> **Problem details**
Below are the records; extract from them the line containing "In oro giallo, parte" to the line containing "Trendyol - Trendyol", both lines included, exactly and with no pictures.

> **Data for processing**

──────

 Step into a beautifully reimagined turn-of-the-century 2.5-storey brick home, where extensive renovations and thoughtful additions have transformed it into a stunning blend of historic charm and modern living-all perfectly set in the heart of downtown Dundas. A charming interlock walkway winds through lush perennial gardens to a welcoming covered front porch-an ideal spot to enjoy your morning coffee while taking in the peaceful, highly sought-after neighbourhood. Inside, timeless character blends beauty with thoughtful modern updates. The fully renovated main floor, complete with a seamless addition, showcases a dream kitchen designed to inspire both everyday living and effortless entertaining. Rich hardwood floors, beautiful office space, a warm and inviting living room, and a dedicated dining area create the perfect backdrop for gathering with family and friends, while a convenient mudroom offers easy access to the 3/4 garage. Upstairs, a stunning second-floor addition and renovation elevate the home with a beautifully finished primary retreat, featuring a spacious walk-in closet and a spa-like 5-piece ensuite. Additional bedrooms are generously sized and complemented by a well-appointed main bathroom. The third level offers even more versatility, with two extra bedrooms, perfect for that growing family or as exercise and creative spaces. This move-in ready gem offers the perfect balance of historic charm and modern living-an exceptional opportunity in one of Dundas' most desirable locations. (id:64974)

──────

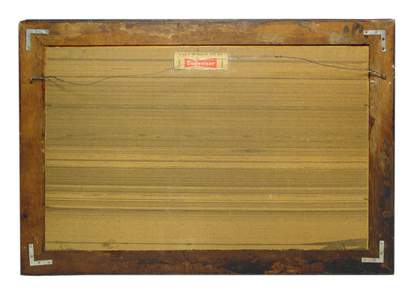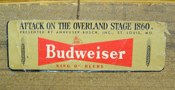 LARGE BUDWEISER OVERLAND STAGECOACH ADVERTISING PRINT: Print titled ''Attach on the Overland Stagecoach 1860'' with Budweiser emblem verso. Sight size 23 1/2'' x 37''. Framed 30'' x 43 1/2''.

──────

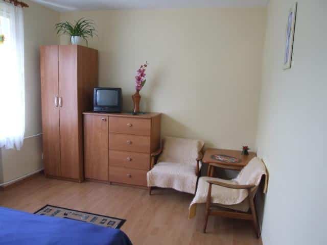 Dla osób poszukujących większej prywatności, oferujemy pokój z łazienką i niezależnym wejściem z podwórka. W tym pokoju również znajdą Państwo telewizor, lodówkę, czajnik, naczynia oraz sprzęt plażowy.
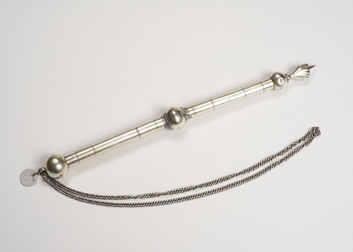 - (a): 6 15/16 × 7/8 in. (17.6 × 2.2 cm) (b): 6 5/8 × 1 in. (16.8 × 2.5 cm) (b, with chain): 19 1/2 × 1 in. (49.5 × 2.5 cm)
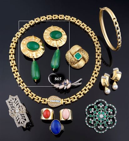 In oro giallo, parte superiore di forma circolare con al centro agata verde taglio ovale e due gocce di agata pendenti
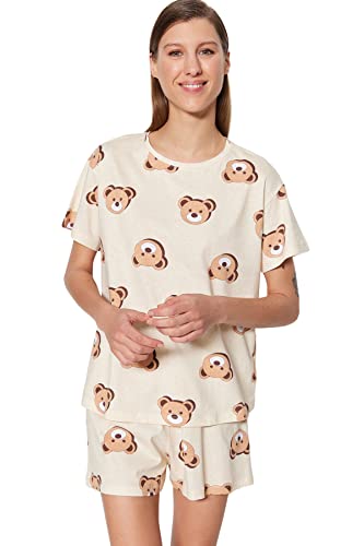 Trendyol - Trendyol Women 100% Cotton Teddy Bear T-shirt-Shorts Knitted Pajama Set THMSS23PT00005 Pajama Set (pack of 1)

──────

> **Task result**
 In oro giallo, parte superiore di forma circolare con al centro agata verde taglio ovale e due gocce di agata pendenti
 Trendyol - Trendyol Women 100% Cotton Teddy Bear T-shirt-Shorts Knitted Pajama Set THMSS23PT00005 Pajama Set (pack of 1)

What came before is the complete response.